Yo tenía veinte años y no dejaré a nadie decir que ésta es la mejor edad de la vida. Todo amenaza llevar a la ruina a un joven: el amor, las ideas, la pérdida de su familia, la entrada al mundo de los adultos. Es duro aprender la parte que a uno corresponde en el mundo.

¿A qué se asemejaba nuestro mundo? Tenía el aire del caos que los griegos situaban al origen del universo en las nubes de la fabricación. Sólo se creía ver aquí el comienzo del fin, del verdadero fin, y no de aquel que es el comienzo de un comienzo. Ante de las transformaciones agotadoras, de las cuales un número ínfimo de testigos se esforzaba por descubrir la clave, podía simplemente percibirse que la confusión conducía a la bella muerte de lo que existía. Todo se asemejaba al desorden en que concluyen las enfermedades: ante la muerte que se encarga de dejar los cuerpos invisibles, la unidad de la carne se disipa, cada parte de esta multiplicidad regresa a su sentido. Esto acaba en la pudrición, sin defensas.

Entonces muy pocos hombres se sentían lo suficientemente perspicaces como para desenredar las fuerzas que ya se encontraban a la obra en pos de estas grandes ruinas putrefactas.

No sabíamos nada de aquello que había que saber: la cultura era demasiado complicada para permitir comprender otra cosa que las pliegues superficiales. Se consumía en sutilidades en un mundo regido por razones y casi todos sus profesionales eran incapaces de deletrear los textos que comentaban. Siempre menos simple que la verdad es el error.
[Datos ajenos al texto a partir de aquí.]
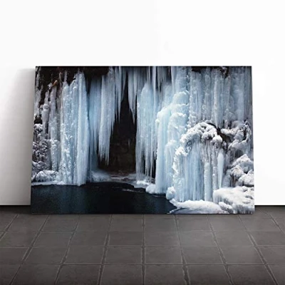 Big Box Art Canvas Print Wall Landscape Frozen Waterfall Mounted and Stretched Frame Picture Home Decor for Kitchen, Living, Dining Room, Bedroom, Hallway, Multi Colour, 24x16 Inch
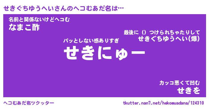 | ヒーロー風カッコイイあだ名 | 『スーパーセキグチユウヘイ』 |

Teníamos necesidades de ABCes compuestos de lo que realmente tenía importancia. Pero en lugar de aprender a leer, aquellos que una tormenta sincera les impide a veces dormir, imaginaban conclusiones que reposaban sobre el estudio comparado de las decadencias: conclusiones para la invasión de los bárbaros, el triunfo de las máquinas, las visiones en Patmos, el recurso a Ginebra o a Dios. ¡Qué inteligente era todo el mundo!

Sin embargo estos malvados tenían la vista demasiado baja como para mirar por encima de sus anteojos más allá de los naufragios. Y aun así, los jóvenes tenían confianza en ellos.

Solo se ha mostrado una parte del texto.